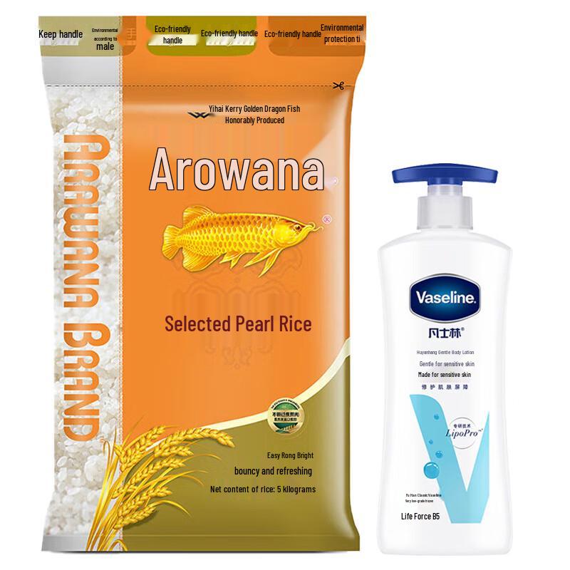 Vaseline Body Lotion 400ml & Arowana Rice 5kg Bundle
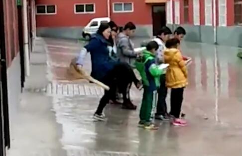 视频显示,约10名小学生模样的孩子雨中站在教学楼前的空地上,列成一排;一名疑似教师的女子右手拿着扫帚,开始挨个踹学生的屁股,男女生都被踹了一脚,有个别学生差点被踹倒。
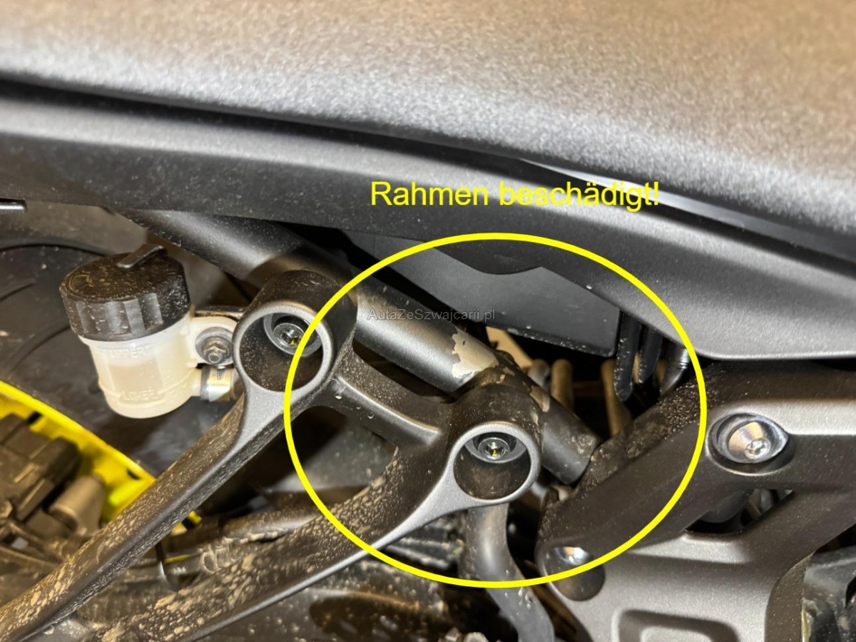 | Beschädigungen | Auspufftopf, Aussenspiegel links, Aussenspiegel rechts, Gabelholm, Griff links, Griff rechts, Lenker, Rad vorne, Rahmen, Schwinge, Seite rechts, Verschalungen links, Verschalungen rechts |
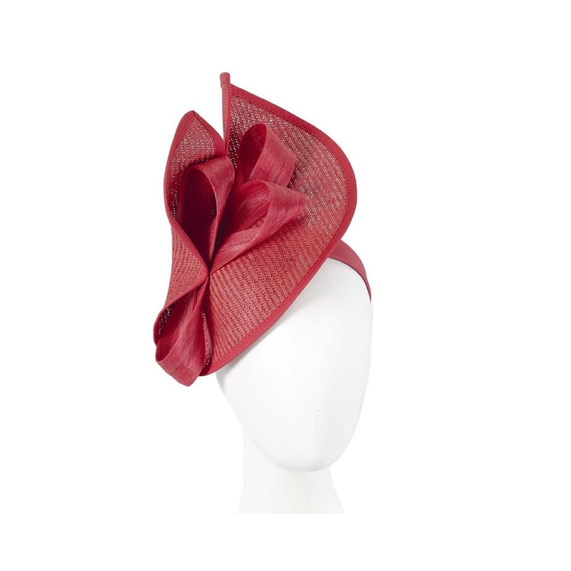 Large red twisted plate decorated with silk abaca bow. Hand made in Melbourne by our skillful milliners, this headpiece will be a crown jewel of your spring racing outfit.Made in AustraliaExclusive materialsStylish design by Fillies CollectionComfortable h
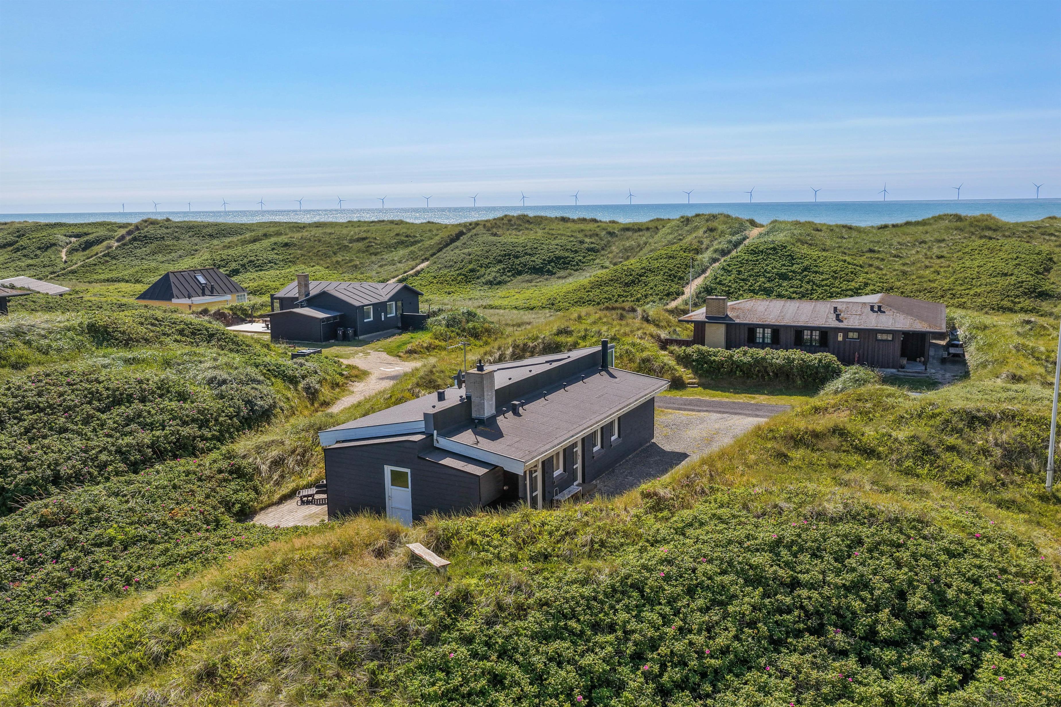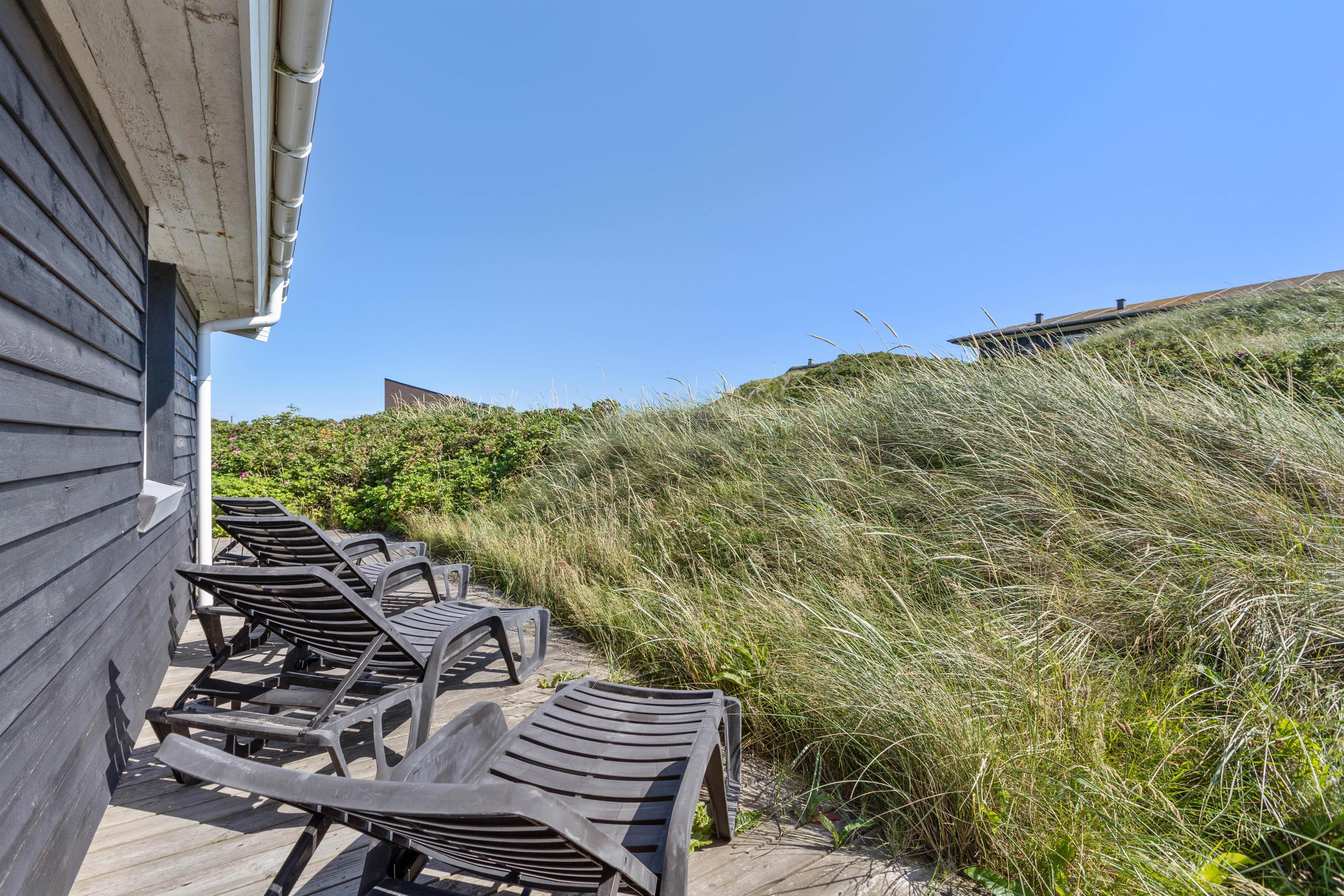 Hvis du søger fred og ro, kan du lade blikket vandre over klitterne og lytte til lyden af havet. På kølige aftener sørger brændeovnen i feriehuset for hyggelig varme og en afslappende udsigt til flammerne. Her kan du runde ferien af med et glas vin. Stuens store vinduespartier, der går fra gulv til loft giver jer, inviterer også den skønne natur helt indenfor
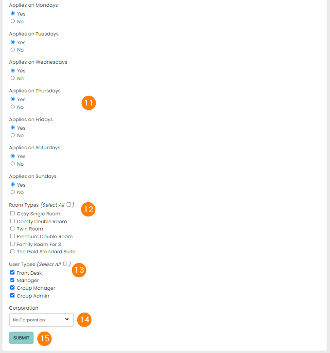 12 Room Type Selector – select the Room Types that you wish the discount to apply to. Multiple rooms can be selected.

────────────────────────────────────────

_WORK INSTRUCTION_. Every line from the start of the material through the line holding "Verschalungen rechts |" must be returned exactly, and the pictures must not.

_RESULT OF THIS TASK_.
 Vaseline Body Lotion 400ml & Arowana Rice 5kg Bundle
 视频显示,约10名小学生模样的孩子雨中站在教学楼前的空地上,列成一排;一名疑似教师的女子右手拿着扫帚,开始挨个踹学生的屁股,男女生都被踹了一脚,有个别学生差点被踹倒。
 | Beschädigungen | Auspufftopf, Aussenspiegel links, Aussenspiegel rechts, Gabelholm, Griff links, Griff rechts, Lenker, Rad vorne, Rahmen, Schwinge, Seite rechts, Verschalungen links, Verschalungen rechts |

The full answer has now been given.